■ **Assignment**
Copy only what lies from the line containing "Luxusný zimný kabátik" through the line containing "47Pcs STEM Train" in the entries below, keeping both end lines exact and dropping every picture.

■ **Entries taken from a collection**
- - - - -
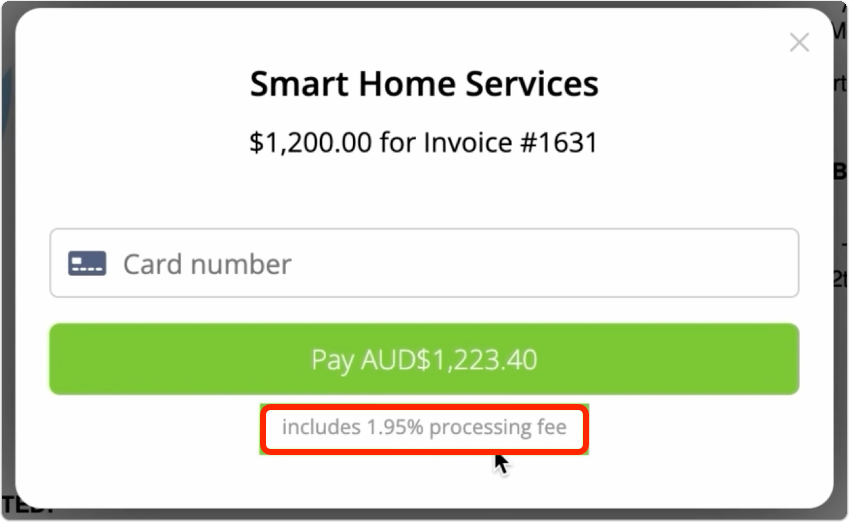 - If you’re using the ServiceM8 Pay add-on: the surcharge added will be the full processing fee e.g. if the fee in your region is 1.95% + 30 cents, the surcharge added for the client will be 1.95% + 30c.
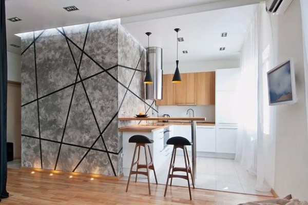 В том случае, если у вас квартира студия, ремонт кухни своими руками — это наиболее оптимальный и недорогой вариант. Особенностью такой кухни является отсутствие перегородки от гостиной комнаты, что визуально увеличивает пространство кухни. Это очень удобно, ведь свободное пространство всегда можно использовать с пользой.
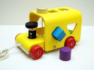 3色の形合わせとプルトイを組み合わせた玩具です。バスの上の白木パーツを引っ張ると、ブロックが後ろから出てきます。 6,490円(税込) |
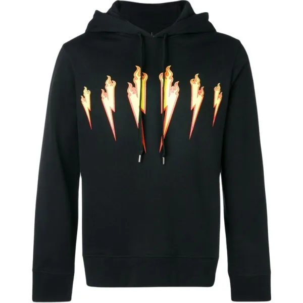 Zwarte hoodie met Neil Barrett Thunder Flame Lightning Bolt-logo Prijzen
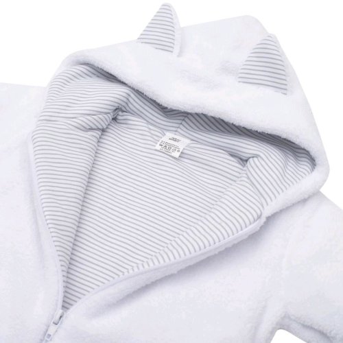 Luxusný zimný kabátik s kapucňou New Baby Snowy collection pre bábätká. Krásny, hrejivý, originálny a zároveň praktický. Je vyrobený z hrejivého materiálu tzv. Wellsoftu. Kabátik je zateplený antialergickým vláknom a podšitý bavlnenou podšívkou, ktorá je celopotlačená modernými pruhmi. Zapínanie po celej dĺžke na zips uľahčí obliekanie. Rukávky je možné vyhrnúť a tým vynikne pruhovaná podšívka. Materiál: 100% polyester-wellsoft, podšívka 100% bavlna, výplň - antialergické vlákno.
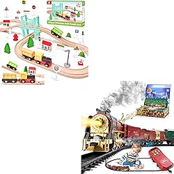 47Pcs STEM Train Set: Equipped with a variety of traffic signs, wooden houses, and trees, encourages kids to create their own town. As they play, they learn about transportation systems while enhancing their hand-eye coordination and problem-solving skills. The diverse components promote creativity Deluxe Christmas Train Tracks Set: Upon opening this charming train set enclosed in its festive Christmas gift box, a delightful 3D greeting card pops up, bringing you an overflow of blessings and immersing you in a thick atmosphere of Christmas cheer. This train set includes a remote controller, a locomotive steam engine, passenger carriages, coal carriage, cargo carriage, 16 curved tracks, 6 straight tracks, 2 Y-shaped tracks and 2 trees. Perfect for creating exciting train adventures around t Premium Wood Craftsmanship: This train tracks is made from high-quality wood, ensuring durability and safety. Each piece features smooth, hand-sanded edges. Plus, this wooden train track set is free from harmful substances like BPA and lead, prioritizing your child's safety Easy To Assemble & Play: Children can effortlessly assemble the tracks into their own unique railway designs, fostering creativity and independence. Once they've connected the train engine to the passenger car and ensured that all wheels are securely on the track, they simply press the switch to watch the train toys smoothly glide along its path and christmas train sets for around the tree The Ultimate Gift for Ages 3-8: An ideal present for birthdays, Christmas, holidays, or a surprise reward. Worried about finding the perfect gift? This all-in-one toy is the answer, guaranteed to delight any child and make you the gift hero
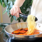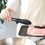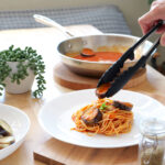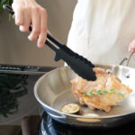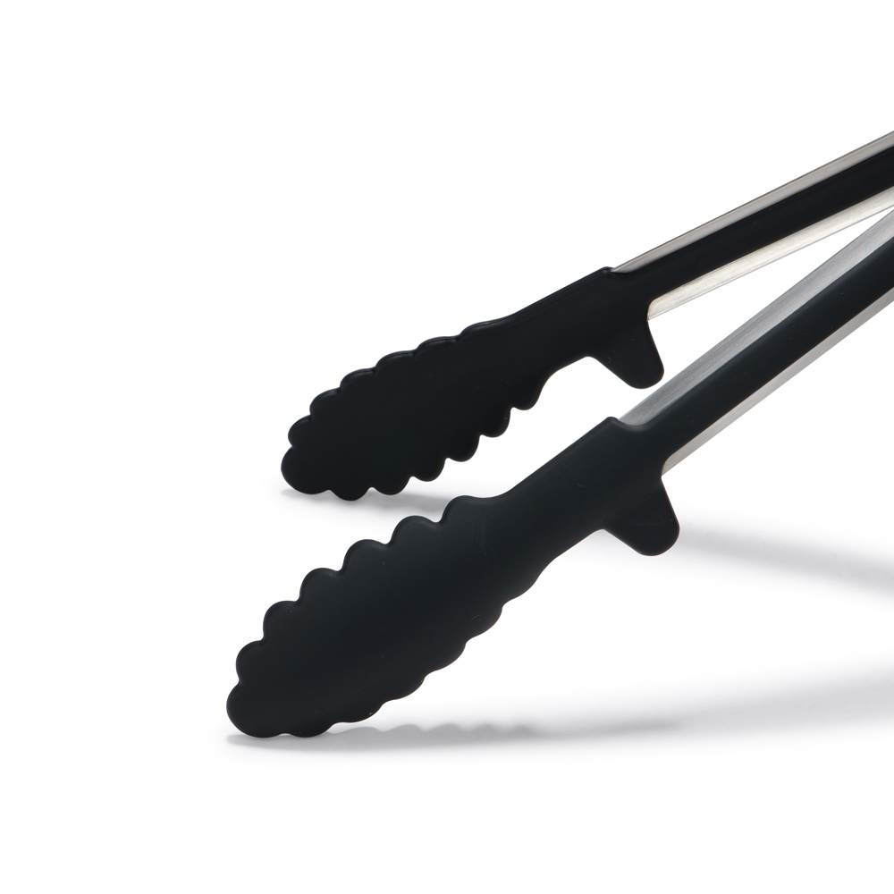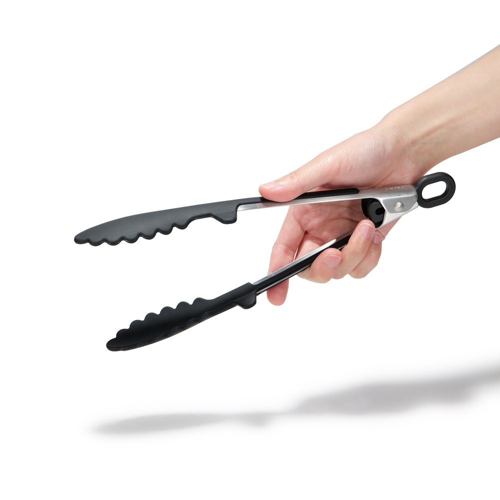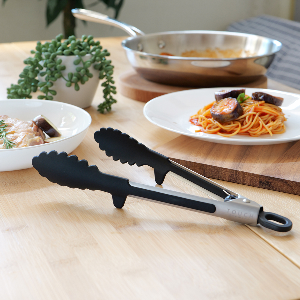 フライパンを傷つけにくい耐熱シリコーン製 先端には耐熱性の高いシリコーン素材を採用。フッ素樹脂加工のフライパンや鍋を傷つけにくく、パスタや大きな肉などの食材もしっかりと掴めます。
- - - - -
■ **Exercise answer**
 Luxusný zimný kabátik s kapucňou New Baby Snowy collection pre bábätká. Krásny, hrejivý, originálny a zároveň praktický. Je vyrobený z hrejivého materiálu tzv. Wellsoftu. Kabátik je zateplený antialergickým vláknom a podšitý bavlnenou podšívkou, ktorá je celopotlačená modernými pruhmi. Zapínanie po celej dĺžke na zips uľahčí obliekanie. Rukávky je možné vyhrnúť a tým vynikne pruhovaná podšívka. Materiál: 100% polyester-wellsoft, podšívka 100% bavlna, výplň - antialergické vlákno.
 47Pcs STEM Train Set: Equipped with a variety of traffic signs, wooden houses, and trees, encourages kids to create their own town. As they play, they learn about transportation systems while enhancing their hand-eye coordination and problem-solving skills. The diverse components promote creativity Deluxe Christmas Train Tracks Set: Upon opening this charming train set enclosed in its festive Christmas gift box, a delightful 3D greeting card pops up, bringing you an overflow of blessings and immersing you in a thick atmosphere of Christmas cheer. This train set includes a remote controller, a locomotive steam engine, passenger carriages, coal carriage, cargo carriage, 16 curved tracks, 6 straight tracks, 2 Y-shaped tracks and 2 trees. Perfect for creating exciting train adventures around t Premium Wood Craftsmanship: This train tracks is made from high-quality wood, ensuring durability and safety. Each piece features smooth, hand-sanded edges. Plus, this wooden train track set is free from harmful substances like BPA and lead, prioritizing your child's safety Easy To Assemble & Play: Children can effortlessly assemble the tracks into their own unique railway designs, fostering creativity and independence. Once they've connected the train engine to the passenger car and ensured that all wheels are securely on the track, they simply press the switch to watch the train toys smoothly glide along its path and christmas train sets for around the tree The Ultimate Gift for Ages 3-8: An ideal present for birthdays, Christmas, holidays, or a surprise reward. Worried about finding the perfect gift? This all-in-one toy is the answer, guaranteed to delight any child and make you the gift hero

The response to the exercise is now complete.